Our phonecall this morning revealed of the 3 eggs collected all 3 were ICSI'd, 2 fertilised but only 1 was suitable for transfer. We've now had that special little one transferred and now begin the 2ww. Off to London for a few days on Tuesday just to get away from the chaotic house and take a break from work- really looking forward to it.

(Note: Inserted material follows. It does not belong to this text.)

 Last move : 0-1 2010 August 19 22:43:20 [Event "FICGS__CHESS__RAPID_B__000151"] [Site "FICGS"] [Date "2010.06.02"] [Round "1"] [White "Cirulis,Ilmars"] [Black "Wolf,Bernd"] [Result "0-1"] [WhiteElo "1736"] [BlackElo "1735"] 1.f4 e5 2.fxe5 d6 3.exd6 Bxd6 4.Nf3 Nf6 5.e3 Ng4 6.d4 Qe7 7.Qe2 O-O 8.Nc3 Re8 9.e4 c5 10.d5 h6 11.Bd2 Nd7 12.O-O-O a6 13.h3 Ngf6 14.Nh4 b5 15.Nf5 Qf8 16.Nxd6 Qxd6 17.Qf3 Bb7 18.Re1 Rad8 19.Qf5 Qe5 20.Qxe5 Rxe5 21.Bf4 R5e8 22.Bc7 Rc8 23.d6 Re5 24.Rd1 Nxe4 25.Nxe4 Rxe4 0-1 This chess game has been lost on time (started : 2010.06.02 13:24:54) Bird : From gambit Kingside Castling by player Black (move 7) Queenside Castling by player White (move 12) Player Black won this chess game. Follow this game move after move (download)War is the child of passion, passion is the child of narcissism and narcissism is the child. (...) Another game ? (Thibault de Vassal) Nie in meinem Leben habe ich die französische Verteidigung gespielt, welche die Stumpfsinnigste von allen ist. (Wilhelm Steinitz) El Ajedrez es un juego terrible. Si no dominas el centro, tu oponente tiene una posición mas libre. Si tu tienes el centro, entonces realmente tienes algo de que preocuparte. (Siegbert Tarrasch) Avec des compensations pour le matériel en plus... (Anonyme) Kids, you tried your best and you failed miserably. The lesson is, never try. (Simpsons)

Hope you're all having a lovely weekend. Be kind to yourselves...

xxx


----------



## HippyChicky (Aug 3, 2009)

chinup ~ will keep everything crossed for you


----------



## taylor1977 (Oct 12, 2009)

HI girls, hows it all going with the 2ww ?
I started stimming on Thursday, snd scan on Monday ........ not really sure of time scales etc of EC 

Di x


----------



## chinup07 (Jan 8, 2007)

Hi Benny

We're half way through our 2ww - test Sunday week. Have spent a few days in London just getting away from work and routine stuff, which has been a breath of fresh air. This next week is going to be the toughie I guess   

Good to hear you're into the stimming phase now - it always feels like things really kick off at that point - being on the sprays for days on end does take it's toll as you build up to doing something major!! Have your spray symptoms subsided now? All best with the scan on Monday. I ended up stimming for 12 days before EC, but that's not the case for everyone. Always a nightmare to try to do any planning at this point though!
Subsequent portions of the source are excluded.